自身で作り上げるという信念を持つ簪は、ヴァルトの助力を断った。しかし、自分の力には限界を感じていた。結果として、折れた簪がヴァルトの力を借りることとなったのだ。

 

隣に座る本音や、メカニックの卵である先輩たちの力を借りて、専用機である『打鉄弐式』は完成に大きく近づいたのだった。

ヴァルトからエクスプロードのデータをもらっており、同時にビッグバンの詳細も知らされていた。そこから荷電粒子砲のデータを研究し、武装面の大幅な強化も施されていた。

 

「『パーくん』にぞっこんだもんね、そりゃ応援するよね」

 

「ち、違うよ!彼はそういうのじゃ……」

 

最初はヴァルトを警戒していた簪だったが、打鉄弐式の開発に関わるうちに、二人の関係は深まっていた。そこには、友と言える感情があった。

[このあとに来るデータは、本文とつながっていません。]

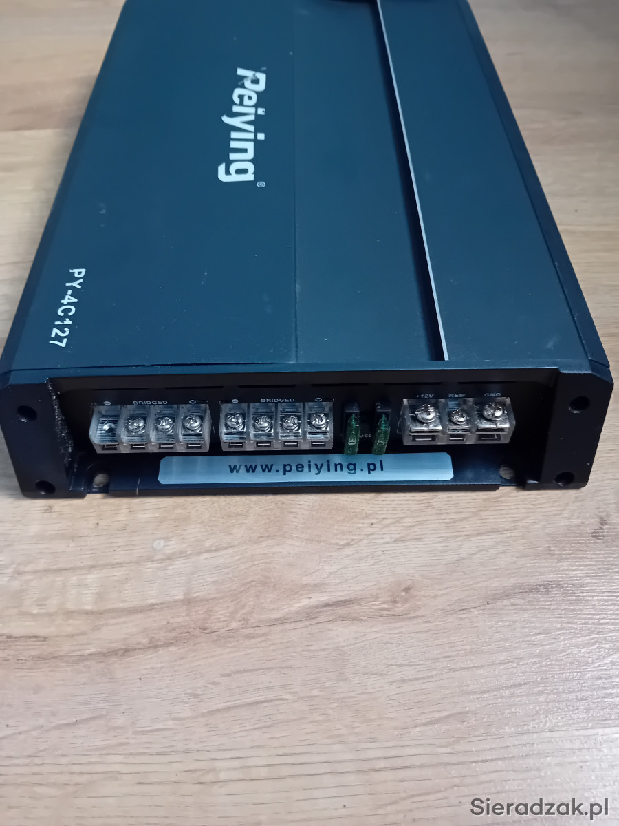 Używany, sprawny wzmacniacz Peiying. Posiada widoczne zarysowanie na zdjęciu w literze P.

ヴァルトに関しては不明だが、簪は自分が彼に対して持つ感情を自覚しつつある。

 

「大丈夫だよ。『しずむん』も強いけど、パーくんを信じよ?」

 

「……うん、そうだね」

 

ヴァルトに信頼を置く本音に頬を膨らませ、簪は自身の勉強も兼ねてヴァルトを応援するのだった―――。